とりわけ驚きましたのは、乃木神社の神山禰宜に教えて頂いたことですが、表面に「陸軍大将乃木希典之墓」と刻まれた立石の裏面に、次のごとくあります。
明治十年 月 日死 /大正元年九月十三日死
この「明治十年 月 日死」は、乃木大将自身が、生前みずから刻まれたものだそうです。よく知られているとおり、明治十年二月二十二日、熊本城下における激戦で、乃木少佐率いる第十四連隊は、明治天皇から親授された連隊旗を西郷軍に奪われます。その責任を痛感して乃木少佐は自決しようとされましたが、盟友に強く反対され、思い留まられます。しかし、ご本人はここで自死したという心中を、この墓石に刻まれたのだと思われます。
こうして明治天皇に殉じられた乃木大将は、武人の鏡として広く知られています。一方、明治天皇により欽定された帝国憲法を研究し、大正天皇にも昭和天皇にも御進講しながら、それを枢密院で守り切れなかったという自責の一念から自決された清水博士は、文人の鏡だと思われます。その学徳と志操を私共みずから学び直し、それを長く伝えていくために、九月二十四日の「学ぶ会」を発起した次第であります。
当日の進行と所感文のお願い
最後に九月二十四日の進行予定について申し上げます。墓前祭は午後四時に開始しますが、既に五十年祭を過ぎて二十年経っていますから、皆さん平服(ネクタイも黒以外)でお越し願います。前述のとおり、地下鉄千代田線乃木坂駅5番出口から徒歩約10ですが、早めに来られた方は、先に乃木大将御夫妻の墓所へ参拝して頂きたく存じます。
墓前では、発起人の清水潔氏(皇學館大学々長)が祭文の代りに清水澄博士の遺書を朗読し、ついで発起人の永江太郎氏(日本学協会常務理事)が御長男清水虎雄氏(故人)撰の墓誌(前掲)を拝誦した後、参列者全員で拝礼して終了します。
その後、徒歩で乃木会館へ移動します。青山霊園東2入口前の道路を渡り、デニーズ横から近道をするため、案内役(速足組と遅足組)に付いて行けば、10分か15分で着きます。 そこで、もし余力があれば、旧乃木邸の見学や乃木神社への参拝もできます。

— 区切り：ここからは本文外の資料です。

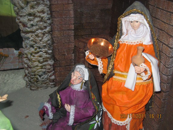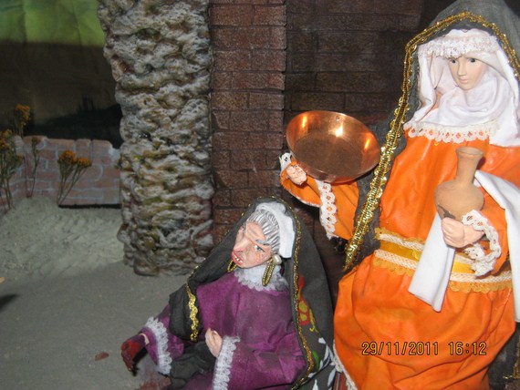 Amigos a la par sigo haciendo algo por la gruta, ya puse a las parteras de belén del apócrifo pseudo-Mateo, que según este libro se llamaban Zelomi y Salomé (una joven otra vieja y parientas entre sí) las dos constatan que María Santísima ha dado a luz a su Hijo, sin perder la gloria de su inmaculada virginidad, y que así doncella y pura tiene los pechos henchidos de leche y que el nacimiento de Jesús tiene características sobrenaturales ya que no ha sido manchado con efusión de sangre (como todos los hijos de Adán) La más vieja tiene dudas y al tocar a la Virgen María se le quema la mano, enmedio de su arrepentimiento y sus ayes de dolor: "Oh Dios de Israel apiádate de mí"-Un ángel le dice que toque con la mano quemada al Niño Jesús ya que Él viene para ser remedio de los pecadores y al hacerlo queda curada. Bueno pues esta es la escena. la pongo a vuestra consideración, las figuras están hechas por una servidora y amiga. Saluditos

神社の隣の乃木会館では、夕方も結婚披露宴など行われておりますが、加藤宮司様と高山権宮司様の格別な御配慮により、三階の棗(なつめ)の間(椅子一〇〇席)を「清水澄博士に学ぶ会」の名で拝借することができました。
「学ぶ会」は午後五時に開始します。久禮旦雄氏(モラロジー研究所研究員)の司会により、所が本会を発起した趣旨説明を行い、ついで川田敬一氏(金沢工業大学教授)が約三〇分、続いて菅谷幸浩氏(亜細亜大学講師)が約三〇分、各々基調報告します。さらに約十分休憩の後、所の司会により参会者から発表者への質疑と応答を行います。その初めに発起人廣野義雄氏(憲法学会理事長)から発言しますが、続いて有志から積極的に御発言を頂けたらと存じます。
ただ、終了時間が午後七時厳守のため、なるべく手短に御一人三分か五分以内とします。もちろん、それでは清水博士への深い熱い思いは述べ尽くせぬでしょうから、できれば所感文をあらかじめA4判一枚か二枚に纏めて、コピー(一応百枚)を御持参願います。そのような所感文と関係資料(当日配布のレジュメや遺書・墓誌のコピーなど)を後日冊子にしたいと考えております。
なお、今回の必要経費は全て私が個人で負担しますから、玉串料も資料代も一切無用です。願うらくは、今や忘れ去られつつある清水澄博士の学徳と志操が再認識され、末永く伝えられる一助となれば幸いです。